Detailed Description

The study is being conducted to assess the following:

  • overall survival
  • event-free survival (events are defined as: death,non-engraftment/2nd transplant, immune reconstitution failure)
  • acute toxicity of the conditioning regimen
  • engraftment frequency immune reconstitution frequency and tempo acute and chronic graft-versus-host disease (GVHD), frequency and severity.

The outcome from this protocol will be compared to the retrospective cohort consisting of all patients who have undergone haplo-identical HSCT for SCID at CHLA from 1984-2006 based on the assessment of the above-listed endpoints.

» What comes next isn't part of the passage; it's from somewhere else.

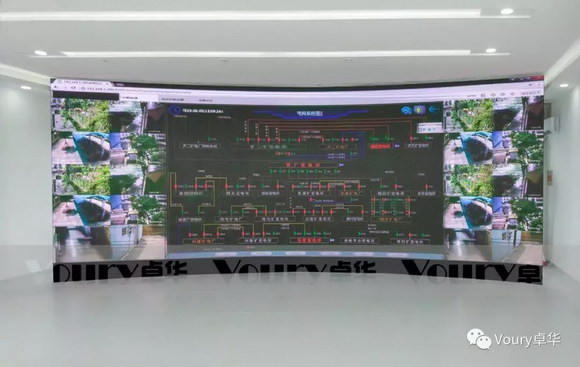根據(jù)華聚能源調(diào)度中心現(xiàn)場情況,大屏幕顯示系統(tǒng)采用2.5°弧形拼接而成,顯示屏整屏長9.12米,寬2.88米,共26.26平方米拼接規(guī)模。Voury卓華P1.8微間距LED弧形屏拼接成的圓弧具有良好的過渡性,弧度自然,造型美觀,畫面完美、連貫,具備更寬廣的視角及自然舒適的視野,保證了完美的顯示效果,獲得了用戶好評。大屏幕顯示系統(tǒng)主要由微間距LED顯示屏、圖形拼接控制系統(tǒng)、LED屏體安裝支架、大屏幕控制軟件等部分構(gòu)成,通過它可以將多路計算機信號、多路視頻信號在微間距LED大屏幕上進行動態(tài)綜合顯示。

The CliniMACS device will be used for CD34+ selection in place of the Isolex 300i. The CliniMACS CD34 Reagent System is an investigational medical device that has not yet been approved by the FDA. This device is used in vitro to select and enrich specific cell populations. When using the CliniMACS CD34 Reagent, the system selects CD34+ cells from heterogenous hematological cell populations for transplantation in cases where this is clinically indicated.

Study Type

Interventional

Enrollment (Actual)

9

Phase

  • Phase 2
  • Phase 1

Contacts and Locations

This section provides the contact details for those conducting the study, and information on where this study is being conducted.

Study Locations

    • California
      • Los Angeles, California, United States, 90027
        • Children's Hospital Los Angeles

Participation Criteria

Researchers look for people who fit a certain description, called eligibility criteria. Some examples of these criteria are a person's general health condition or prior treatments.

Eligibility Criteria

Ages Eligible for Study

No older than 21 years (Child, Adult)

Accepts Healthy Volunteers

No

Genders Eligible for Study

All

Description

Inclusion Criteria:

  • All patients with SCID who lack a histocompatible sibling or HLA-matched related donor will be considered as candidates for this study protocol.
  • Eligible patients must have adequate physical function to tolerate the chemotherapy conditioning regimen and the HSCT, as measure by:

    1. Renal: creatinine clearance or GFR ≥50 ml/min/1.73m2, and not requiring dialysis
    2. Pulmonary: Because patients with SCID frequently present with infectious pneumonia causing ventilatory failure, patients will be considered for enrollment in the study even if respiratory failure requiring mechanical ventilatory support is present. In patients recently diagnosed with pneumonia, efforts to stabilize the respiratory status will be made prior to enrollment in the study.
    3. Infectious disease status. The presence of infection per se will not be a reason for exclusion from the study. Patients with SCID are frequently infected with both routine pathogens as well as opportunistic infections. Antibiotic, antifungal and antiviral prophylaxis and therapy will be instituted as clinically indicated. Despite the use of antimicrobial therapy, the ability to control infections will not be achieved unless HSCT is performed. Therefore, subjects may be enrolled in the study, even though infection is present, because control of infection may depend on engraftment of a donor immune system.
    4. Patients will be 0-21 years of age.

Exclusion Criteria:

  • Patient with histocompatible sibling or other related donor
  • End-organ failure that precludes the ability to tolerate the transplant procedure, including conditioning.
  • Renal failure requiring dialysis
  • Congenital heart disease resulting in congestive heart failure
  • Severe CNS disease, e.g., coma or intractable seizures
  • Ventilatory failure due to non-infectious etiology
  • Major congenital anomalies that adversely affect survival, eg CNS malformations
  • Metabolic diseases that would affect transplant survival, eg urea cycle disorders
  • HIV infection

Since the only chance of survival for patients with SCID is successful transplantation, all patients with SCID will be considered to be potential subjects for the study, regardless of end-organ dysfunction.

Study Plan

This section provides details of the study plan, including how the study is designed and what the study is measuring.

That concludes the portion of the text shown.